:: Exercise ::
Could you retype exactly the lines below between the one holding "Jean-Claude Eddy ROUSSEL." and the one holding "Uchi Houston offers", inclusive, leaving out any pictures?
***
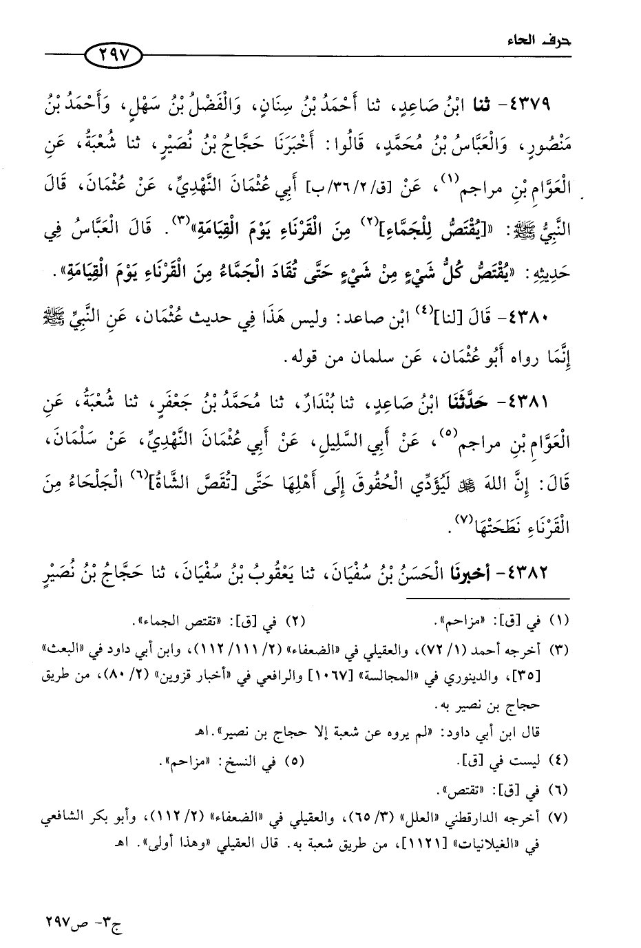 4379 - حَدثنا ابن صاعد، حَدثنا أحمد بن سنان، والفضل بن سهل، وأحمد بن منصور، والعباس بن مُحمد، قالوا: حدثنا حجاج بن نصير، حَدثنا شُعبَة، عن العوام بن مراجم، عن أبي عثمان النهدي، عن عثمان، قال النبي صَلى الله عَليه وسلم: يقتص للجماء من القرناء يوم القيامة.
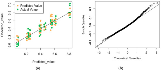 (a) Predicated vs. actual values, (b) QQ plot—normality check.
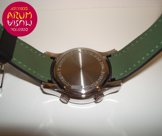 Description :steel, green dial, smooth bezel, domed sapphire crystal, automatic movement, dial with arabic numerals, luminescent handles and dial, center seconds, date at six, crown at four to control the inner bezel, diameter 42 mm, water resistant 200 meters, rubber strap, steel folding clasp.
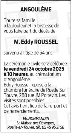 Cet espace « condoléances » est dédié à la mémoire de Monsieur Jean-Claude Eddy ROUSSEL.
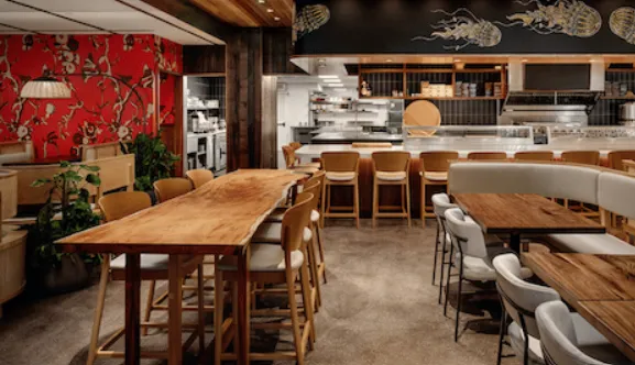 Uchi Houston offers an atmosphere that is both elegant and inviting, blending modern sophistication with a warm, intimate energy. The design features sleek, minimalist lines with rich wood accents, soft lighting, and an open kitchen that allows guests to watch chefs at work, creating a dynamic connection between the dining room and culinary craft. The space is thoughtfully arranged to balance privacy with a sense of communal experience, with a main dining area that feels refined yet comfortable.
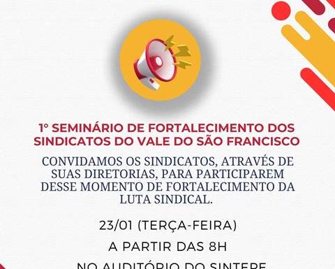 Acontece nesta terça-feira (23), no auditório do Sindicato dos Trabalhadores da Educação de Pernambuco (SINTEPE), o 1º. Seminário de Fortalecimento dos Sindicatos do Vale do São Francisco. O evento começa às 8h da manhã e seguirá durante todo o dia, até às 18h, com uma programação importante para trabalhadores e trabalhadoras da educação, servidores públicos municipais, trabalhadores rurais assalariados...
***
:: Exercise output ::
 Cet espace « condoléances » est dédié à la mémoire de Monsieur Jean-Claude Eddy ROUSSEL.
 Uchi Houston offers an atmosphere that is both elegant and inviting, blending modern sophistication with a warm, intimate energy. The design features sleek, minimalist lines with rich wood accents, soft lighting, and an open kitchen that allows guests to watch chefs at work, creating a dynamic connection between the dining room and culinary craft. The space is thoughtfully arranged to balance privacy with a sense of communal experience, with a main dining area that feels refined yet comfortable.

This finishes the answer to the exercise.